Lo he visto florecer en los Valles Centrales, en Zaachila, en Mitla, en Huixtepec. Lo he olido en la Mixteca Alta, en Huajuapan, en Cuautepec. Lo he tocado en la Sierra Norte, en Ixtlán, en Yacochi. Lo he fotografiado en la Sierra Sur, en Tepuxtepec. Lo he comprado en la Cuenca del Papaloapan, en Rancho Alegre, en Jacatepec. Lo he sembrado en la Costa, en Chiltepec. Y lo he visto morir en el Istmo, cuando el granizo cae sin aviso y arrasa los campos.
La flor de muerto no es una sola. Hay hembra y macho. Hay flor doble y flor sencilla. Hay Tagetes erecta, lunulata, patula, lucida. Hay flor silvestre y flor cultivada. Hay flor que se siembra en almácigo y se trasplanta, y hay flor que se lanza al voleo en la tierra húmeda. Hay quien la siembra en surco, con azadón, y quien la deja crecer entre el maíz, como compañera de cosecha.
Además del cempasúchil, en los altares de Día de Muertos en Oaxaca se entrelazan otras flores que también tienen voz en el ritual. La flor de terciopelo, conocida como cresta de gallo, aporta su textura rugosa y su rojo profundo como símbolo de sangre y vida. La nube, con sus diminutos racimos blancos, representa la pureza de los niños difuntos, los angelitos. La flor de mano de león, de pétalos anchos y color encendido, se coloca en los extremos del arco para resaltar la ofrenda. También se usan gladiolas, lirios, alhelíes y crisantemos, cada uno con su carga simbólica, su aroma y su color. En algunas regiones, como la Sierra Mazateca, se recolectan flores silvestres como la cimpitela, que crecen entre las milpas y se integran al altar como si fueran parte del monte que los muertos cruzan para regresar. Estas flores no son decoración: son lenguaje, son mapa, son memoria. Y cada una, en su forma y color, ayuda a construir el camino que las ánimas recorren para volver a casa.
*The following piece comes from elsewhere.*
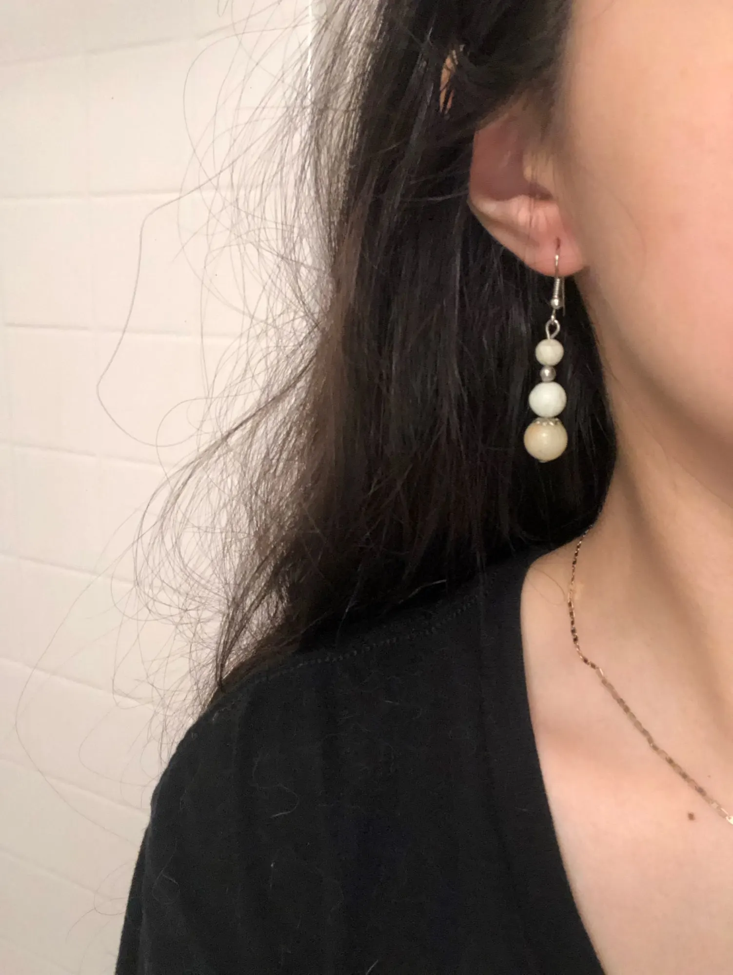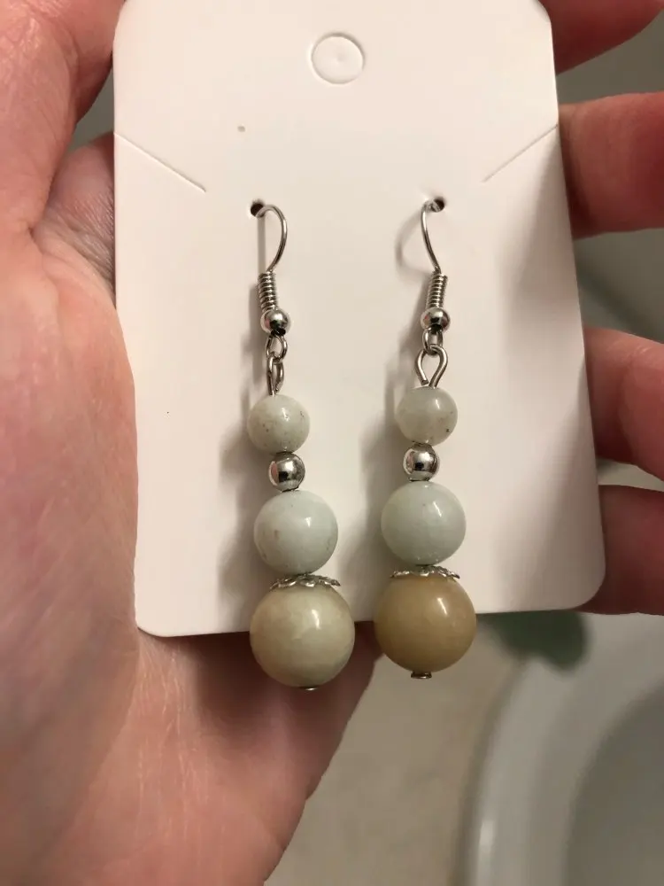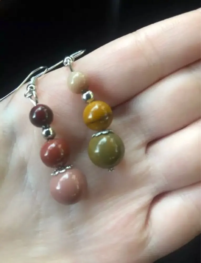 Earring pairs don’t match, in the picture the earrings are the same color. And they look wood. However the product is stone which is ok.
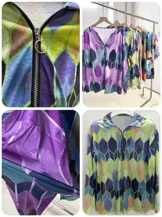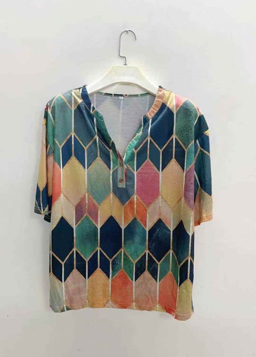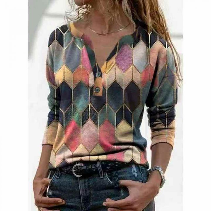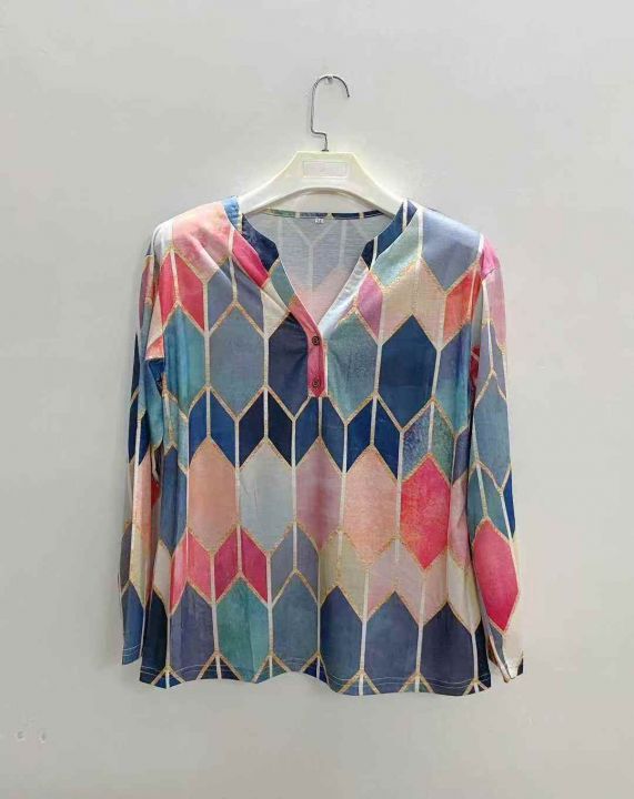 2935件外贸时尚印花撞色打底衫上衣女,尺码S~3XL,面...

En mi casa, el altar empieza a levantarse el 30 de octubre. Primero colocamos los carrizos, formando un arco. Luego amarramos los tallos de cempasúchil, frescos, recién cortados. Después vienen las frutas: naranjas, mandarinas, tejocotes. Luego el pan de muerto, con figuras de animales, de niños, de calaveras. Después los tamales, el mole, los frijoles, el atole, la calabaza en dulce, el chayote hervido, la miel de abeja. Luego las veladoras, el copal, las fotografías, los juguetes, los cigarros, las botellas de mezcal. Y al final, los pétalos. Deshojamos las flores y formamos un camino desde la puerta hasta el altar. Un camino naranja que guía a las ánimas.
En Mitla, escuché que las tumbas se orientan según la edad del muerto. Los niños, al Este, por donde nace el sol. Los adultos, al Oeste, por donde muere. En las casas, las camas se colocan con la cabecera al Este. Si se pone al Oeste, dicen que el muerto se te carga. En el panteón, los altares se adornan con flores, veladoras y agua bendita. Se reza. Se canta. Se come. Se recuerda.
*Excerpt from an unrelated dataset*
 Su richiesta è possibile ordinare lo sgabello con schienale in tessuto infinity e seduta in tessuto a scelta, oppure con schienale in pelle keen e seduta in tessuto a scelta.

En Changata, Guerrero, presencié el cultivo de la flor. El fiscal del pueblo pide tierras, prepara el almácigo. Cuando llueve, invita a los vecinos con música. Se trasplanta la flor. Se hace fiesta. Se cortan las flores. Se llevan al templo. Se adornan los altares. Se reparten chiquihuites llenos de fruta, pan, muñecos. Se baila. Se ríe. Se recuerda.
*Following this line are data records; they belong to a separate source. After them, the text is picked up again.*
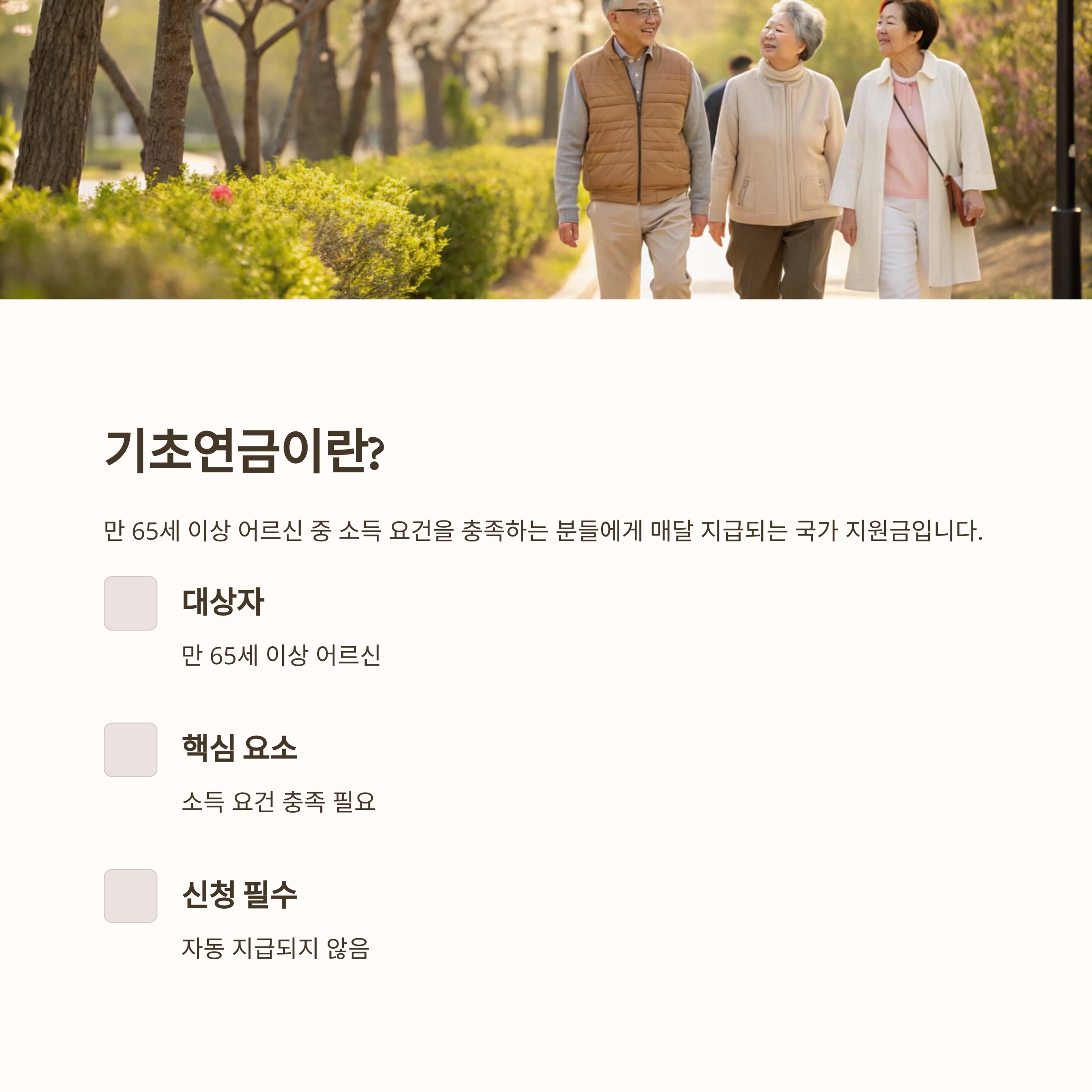 | 대상 | 만 65세 이상, 소득인정액 기준 충족 |
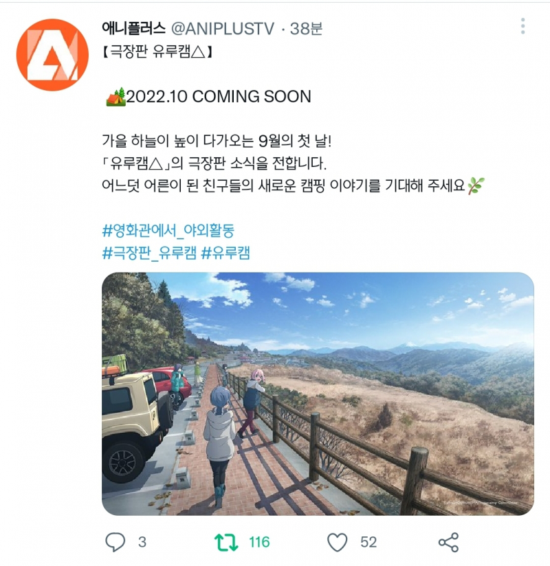 TMTonejae 극장판 유루캠 한국 개봉 확정 [일반] 작성일시 : 2022. 09. 01 (13:15) 조회 : 1,772 / 댓글 : 8 바로 가을과 겨울 사이를 느낄 수 있는10월에 개봉합니다이세콰르 극장판하고 같이 보겠네요이 애니가 밤에 보면 야식이 땡기는데극장이면 팝콘 라지나 각종 영화 매점메뉴와 음료를 흡입하겠군요!!! 8추천 글쓰기스크랩 신고
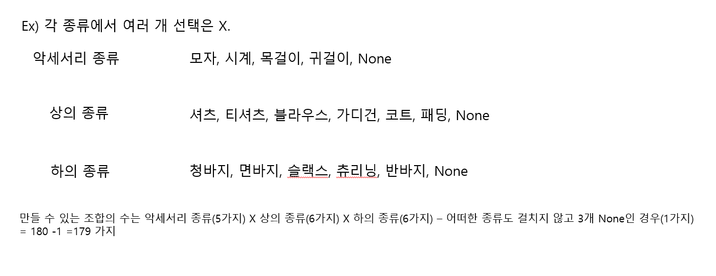 보이는 것과 같이 걸치지 않는 것도 하나의 경우로 생각하고서 조합을 계산하되, 모두 걸치지 않는 경우는 존재하지 않는다는 문제의 조건을 고려해서 모든 종류에서 None일때인 경우의 수 1개를 빼준 것이 문제의 답이 됩니다.
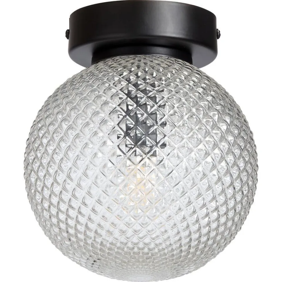 Ronde plafondlamp van wit glas met structuur en zwart metalen afwerking. Kleine fitting E14. 15 cm doorsnede.

En Hueytamalco, Puebla, vi cómo se sembraba sin surco, al voleo, en parcelas pequeñas. Se cubría con ramas para protegerla. Se regaba con botes perforados. Se cuidaba como se cuida a un hijo. Se cortaba el 31 de octubre. Se colocaba en racimos. Se hacía cruz con los pétalos. Se guiaba a los muertos.
En Huajuapan, escuché que las mujeres se soltaban el pelo para sembrar. Decían que así salían flores dobles. Colgaban trapos rojos para evitar el mal de ojo. Guardaban las semillas en la cocina, en bolsas de plástico, en la troje. Esperaban la luna llena para sembrar. La luna nueva para trasplantar. Decían que, si el hombre sembraba solo, salían flores macho. Si sembraba con la mujer, salían flores hembra. Y si salían muchas, era señal de que eran compatibles. Que podían casarse.
En la Sierra Mazateca, vi cómo el cempasúchil se mezclaba con otras flores: mano de león, cimpitela, flor de muerto silvestre. Se hacían arreglos en forma de arco, de cuadrado, de cruz. Se colocaban en la casa, en la iglesia, en el panteón. Se hacían caminos de pétalos. Se encendían veladoras. Se quemaba copal. Se rezaba. Se esperaba.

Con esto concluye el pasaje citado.